Manikato Stakes
- Class: Group 1
- Location: Moonee Valley Racecourse Melbourne, Victoria
- Inaugurated: 1968
- Race type: Thoroughbred - Flat racing
- Sponsor: Ladbrokes (2025)

Race information
- Distance: 1,200 metres
- Surface: Turf
- Track: Left-handed
- Qualification: Three years old and older
- Weight: Weight for Age
- Purse: $2,000,000 (2025)

= Manikato Stakes =

The Manikato Stakes is a Moonee Valley Racing Club Group 1 Thoroughbred horse race for horses aged three years old and over under Weight for age conditions, over a distance of 1200 metres. It is held at Moonee Valley Racecourse in Melbourne, Australia in late September. Total prize money for the race is A$2,000,000

==History==
The race is named after the great race horse Manikato, who won this race twice as well as winning 5 consecutive William Reid Stakes at Moonee Valley from 1979 to 1983.

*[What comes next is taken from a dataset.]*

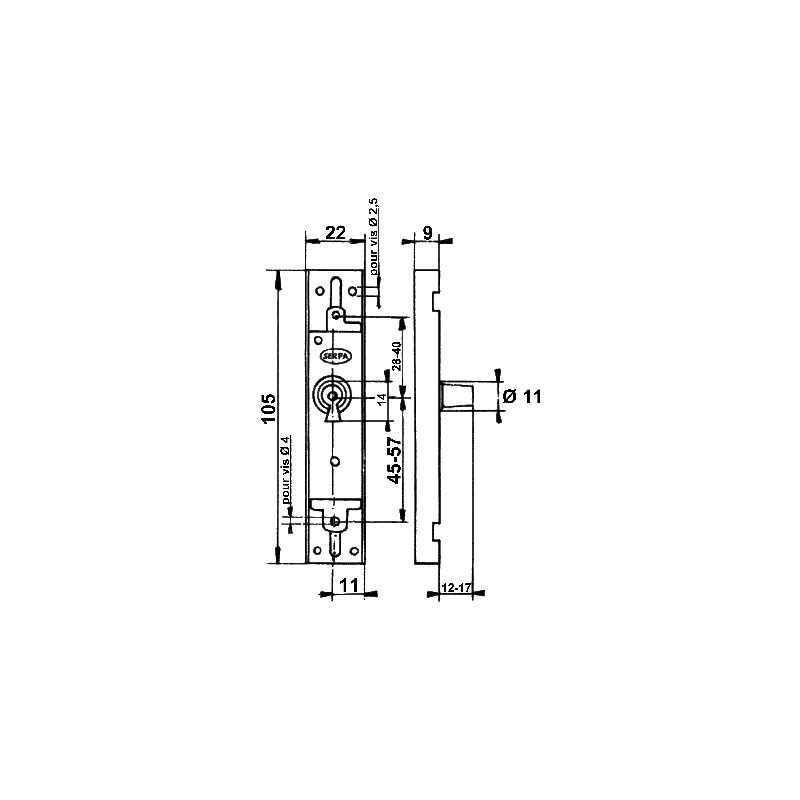 Serrure haute et basse encloisonnée 2876 2876 SERFA

In 2009 the event was part of the Breeders' Cup Challenge series with the winner of the Manikato Stakes automatically qualifying for a berth in the Breeders' Cup Turf Sprint in the United States.

From 2012, the race date was moved to Cox Plate Carnival Friday night in late October.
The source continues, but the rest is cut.